By these accounts M'Lud it would appear Mr. Whoppit is unlucky. The prosecution rests its case.

Case for the defence; from archive photos it is clear that Mr. Whoppit was a hostage to fortune - he didn't want to be there and so bad luck was sure to follow:-

Help me! Exhibit 1
I'll jump if you don't let me go! Exhibit 2
I see dead people! Exhibit 3
Hellllllllllppppppp! No! No! I won't go - You crazed speed freak! Exhibit 4
The defence rests its case!  

"All of us have bad luck and good luck. The man who persists through the bad luck - who keeps right on going - is the man who is there when the good luck comes - and is ready to receive it." (Robert Collier).
Substitute "man" for "bear" and Mr. Whoppit (arguably the "World's Greatest Survivor") is lucky! (just not if your name is Campbell!). "Good" luck/"bad" luck? It all boils down to perception.

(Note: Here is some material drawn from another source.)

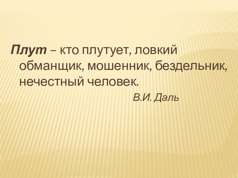 Слайд 4Плут – кто плутует, ловкий обманщик, мошенник, бездельник, нечестный человек.

So to all you human freaks who believe in good luck superstitions - consider this:-
Dreaming of white cat "means" good luck (American superstition) - Uh, No! It means you ate cheese before bedtime!
If a cat washes behind its ears, it will rain (English superstition) - Uh, No! It means the cat has been out in the rain!
A strange black cat on your porch brings prosperity (Scottish superstition) - Uh, No! The catty word on the street has gone out that you're a soft touch for feeding stray cats, that's all!
To reverse the bad luck curse of a black cat crossing your path, first walk in a circle, then go backward across the spot where it happened and count to 13 - Please GET A LIFE!